Input data: Begin

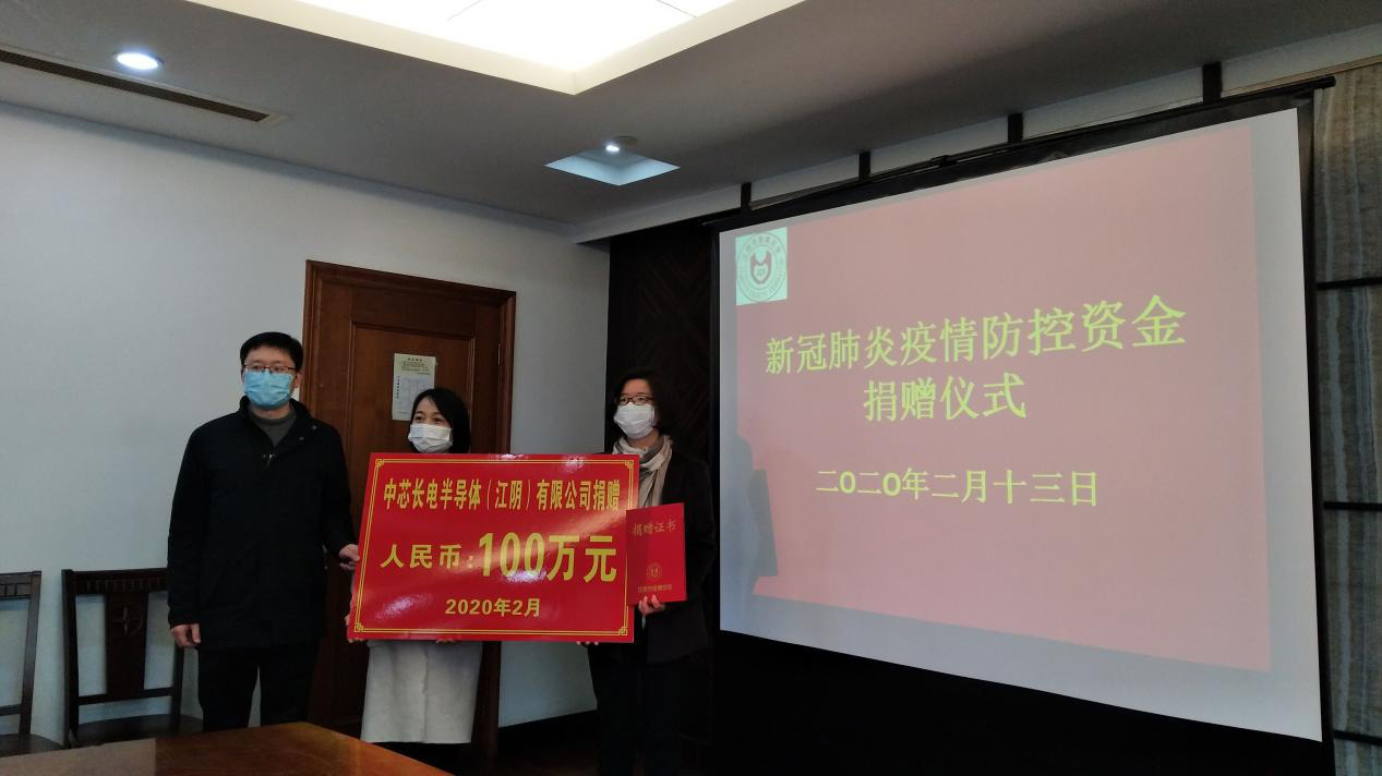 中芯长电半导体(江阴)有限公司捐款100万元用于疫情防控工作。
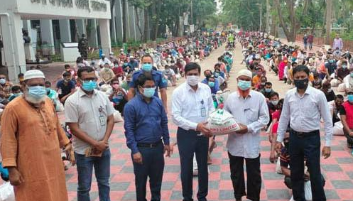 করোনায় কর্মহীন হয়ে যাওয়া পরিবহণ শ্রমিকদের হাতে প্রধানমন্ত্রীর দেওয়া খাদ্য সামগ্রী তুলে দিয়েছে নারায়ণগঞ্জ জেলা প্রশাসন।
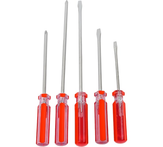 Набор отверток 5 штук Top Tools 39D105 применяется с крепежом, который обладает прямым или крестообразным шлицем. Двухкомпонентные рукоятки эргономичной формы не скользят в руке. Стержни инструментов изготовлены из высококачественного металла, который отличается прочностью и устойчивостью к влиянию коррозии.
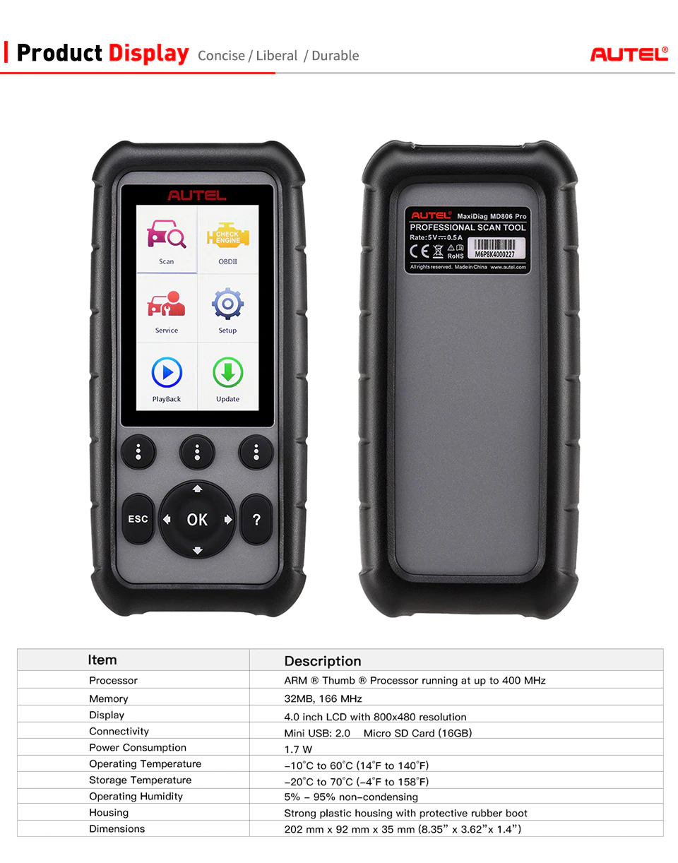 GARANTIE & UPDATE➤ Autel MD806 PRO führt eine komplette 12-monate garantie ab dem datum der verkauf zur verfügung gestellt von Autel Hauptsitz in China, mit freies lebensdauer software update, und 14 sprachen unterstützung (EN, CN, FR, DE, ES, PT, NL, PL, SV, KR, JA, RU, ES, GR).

Input data: End

What the exercise asks |
Your job is to restate, word for word, only the lines from the one holding "করোনায় কর্মহীন হয়ে" through the end of the material; pictures stay out.

Problem solution |
 করোনায় কর্মহীন হয়ে যাওয়া পরিবহণ শ্রমিকদের হাতে প্রধানমন্ত্রীর দেওয়া খাদ্য সামগ্রী তুলে দিয়েছে নারায়ণগঞ্জ জেলা প্রশাসন।
 Набор отверток 5 штук Top Tools 39D105 применяется с крепежом, который обладает прямым или крестообразным шлицем. Двухкомпонентные рукоятки эргономичной формы не скользят в руке. Стержни инструментов изготовлены из высококачественного металла, который отличается прочностью и устойчивостью к влиянию коррозии.
 GARANTIE & UPDATE➤ Autel MD806 PRO führt eine komplette 12-monate garantie ab dem datum der verkauf zur verfügung gestellt von Autel Hauptsitz in China, mit freies lebensdauer software update, und 14 sprachen unterstützung (EN, CN, FR, DE, ES, PT, NL, PL, SV, KR, JA, RU, ES, GR).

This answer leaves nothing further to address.